Há pouco material literário mais atual do que aquele escrito pelo falecido jornalista Sérgio Porto sob o pseudônimo de Stanislaw Ponte Preta, no Festival de Besteira que Assola o País, o Febeapá. Lamentavelmente, não é qualquer exagero pensar na aplicabilidade das pequenas pérolas de sarcasmo de Stanislaw como sendo plausíveis do cotidiano de um grupo de brasileiros que, por exemplo, se alimenta de informação falsa através do grupo de mensagens do celular e cujo administrador ou administradora acreditou que em 2019 o país seria livre de vez da corrupção.
Vejo a seguinte notícia no Febeapá:
Foi então que estreou no Teatro Municipal de São Paulo a peça clássica Electra, tendo comparecido ao local alguns agentes do DOPS para prender Sófocles, autor da peça e acusado de subversão, mas já falecido em 406 a.C.
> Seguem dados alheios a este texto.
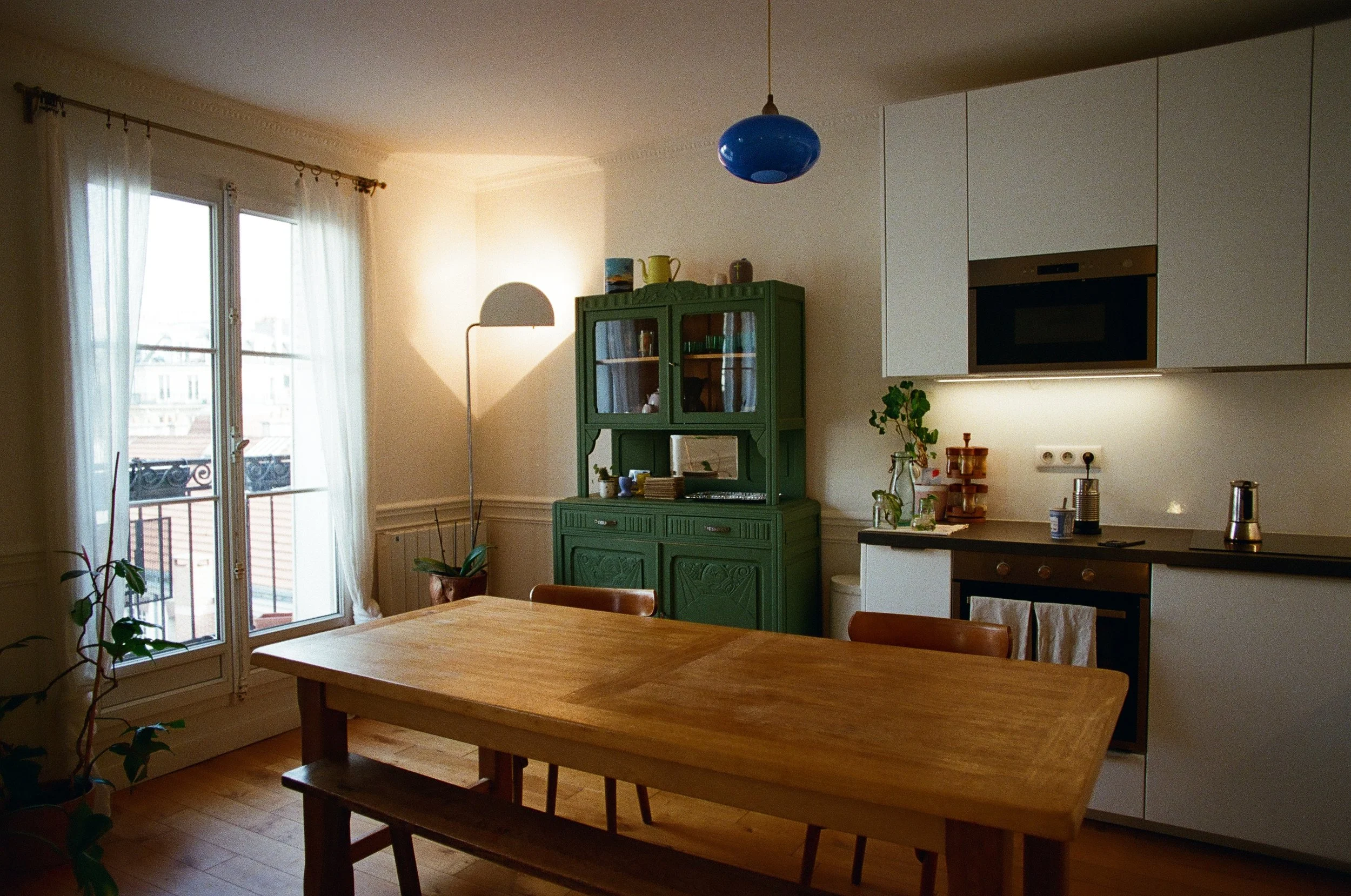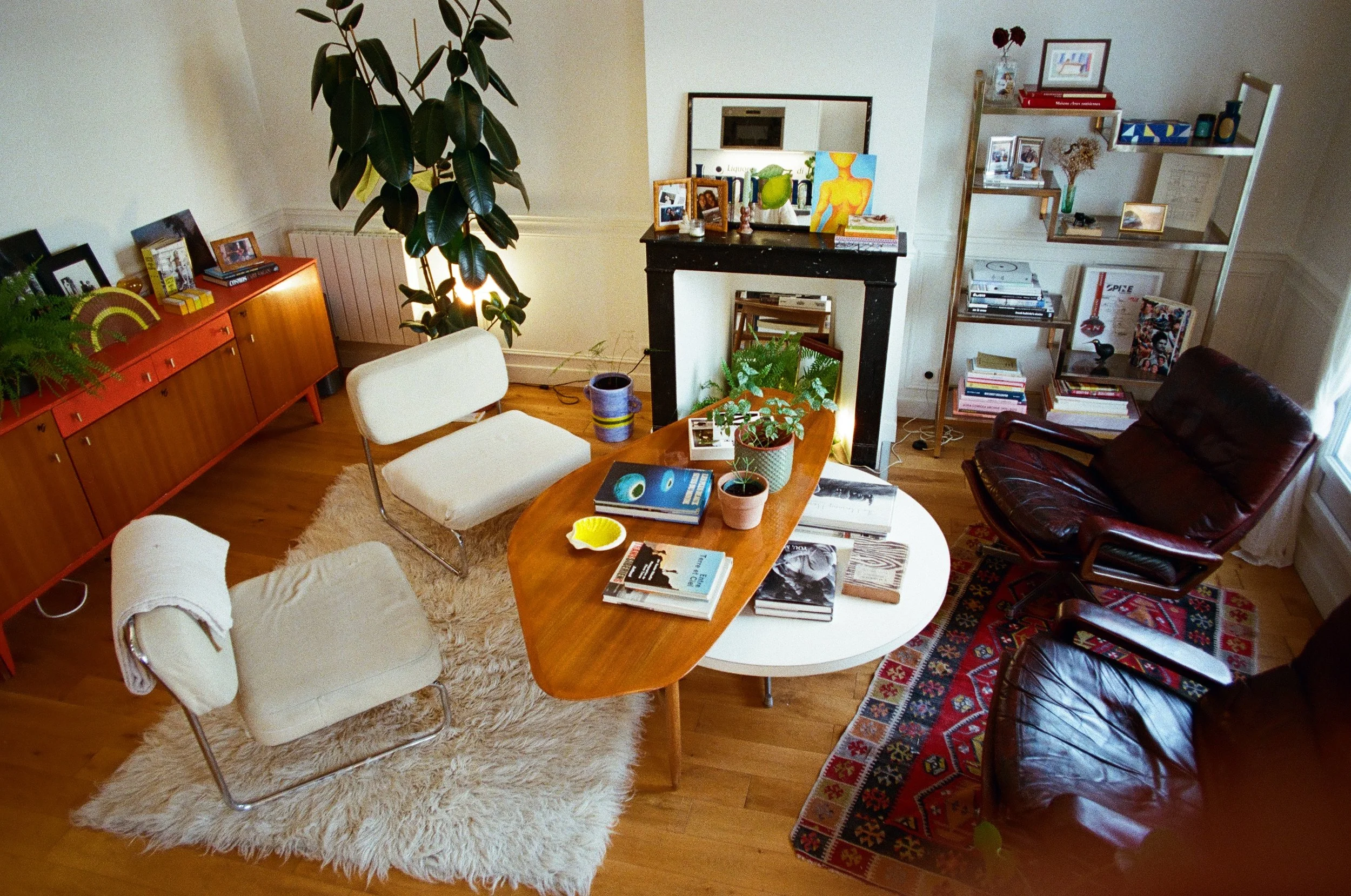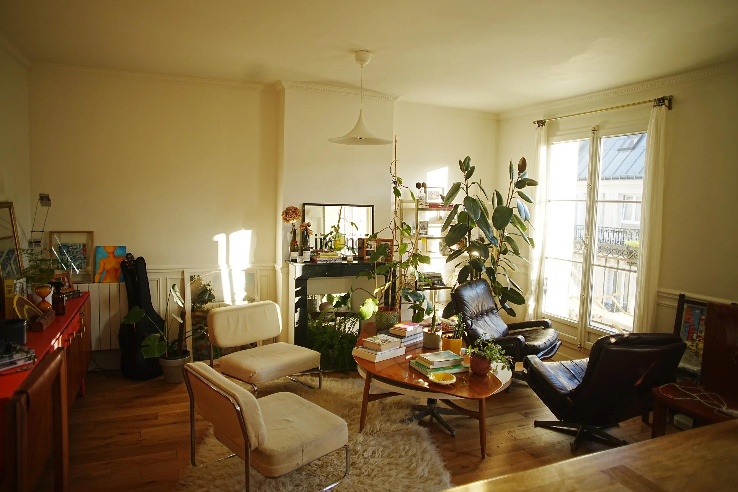 Every piece in my home is a used good; from the furniture, to the lighting, to the carpet. The guiter, books, picture frames and plant pots (and some of the plants) came from leboncoin. The furniture I sourced from across France and western Europe. The Tizio lamps came from a hotel closing. Each piece holds a special story, memories of mine and others, and avoids new objects being produced and forests cut down. Object by object, choice by choice, your home becomes an extension of you: your values, your esthetic, your dreams.

A inteligência e o sarcasmo combinados de Sérgio Porto foram escritos exatamente para provocar o riso, mas também escancarar a frágil mente burguesa e/ ou simpatizante da ditadura brasileira e sua opressão. Nesse caso, engraçadíssimo, ainda fica exposta uma bagagem de leitura, ou completa ausência dela, de quem lê a tirinha.
Claro, a comédia e o bom humor finos têm a serventia de explorar temas sérios, sórdidos e polêmicos através da inteligência característica da farsa. Rir do total absurdo por ser precisamente algo despropositado.
A graça vai permeando hipóteses que, se lidas repetidas vezes por alguns tipos, começam a parecer verdades ou probabilidades. O espetáculo do absurdo parece começar a fazer sentido e, pior, a tornar-se razoável.
Nesse mesmo volume de Stanislaw Ponte Preta, o título chamativo estabelecendo que ninguém levantará a saia da mulher mineira, uma referência ao uso liberado da minissaia no Rio de Janeiro. A genialidade do título é tão rica quanto sua ambiguidade. Pobres mulheres mineiras, protegidas pelo então, segundo o livro, deputado estadual Lourival Pereira da Silva, um homem tão homem que decide pelas mulheres.
A título de curiosidade cronológica, vou deixar registrado ao leitor que essas tirinhas de Sérgio Porto foram publicadas nos anos 1960. Pois, na semana passada, eu que estava no aeroporto indo para Lisboa, comprei a revista The New Yorker e lá me deparo com uma matéria digna do Febeapá. Na seção The Talk of Town, a jornalista Margaret Talbot comentava sobre o retrocesso da, veja, “nova” lei do Texas que proíbe o aborto depois de seis semanas de gestação, não abrindo qualquer exceção para gravidez em caso de estupro.
A coisa vai ficando cada vez mais parecida com um texto de Stanislaw Ponte Preta quando entendemos que um dos argumentos do governador daquele estado americano para a aprovação da tal lei, é exatamente o plano dele em eliminar todo e qualquer tipo de estupro.
Ou seja, não será permitido aborto por estupro porque no mundo do governador do Texas não haverá mais estupro: ele proibirá que isso aconteça. Coitadas de nós mulheres, nas mãos de quem levanta nossas saias sem ser convidado, dentro ou fora de casa. Porque sim, quem duvida, existe um convite para ver nosso mundo de perto.
A ironia do sarcasmo de Sérgio Porto – somada ao retrocesso no Texas – é que, em países como o Brasil, existe uma mescla perigosa dos dois temas. Há mulheres que confundem proteção com autoridade masculina, como se fossem os homens a nos permitir ou não que nossas saias sejam levantadas, em comprimento ou em roda. E a grande tragédia é que continuam esses mesmos homens a não terem vergonha: não nos escutam e nem nos representam nas leis que afetam nossos corpos. Nossa ocupação em postos decisivos vem chegando, mas demora.
Enquanto isso, no Texas ou em Minas, a moça rica some uns dias para operar de pedra nos rins. A pobre morre com uma agulha dentro dela. A corda sempre arrebentando, você sabe. E ainda tem o problema do pão. Lembrar de comer só a casca, quando for possível comprar comida. O miolo, já sabe, vai para o meio das pernas estancar aquele filho que não quisemos ter.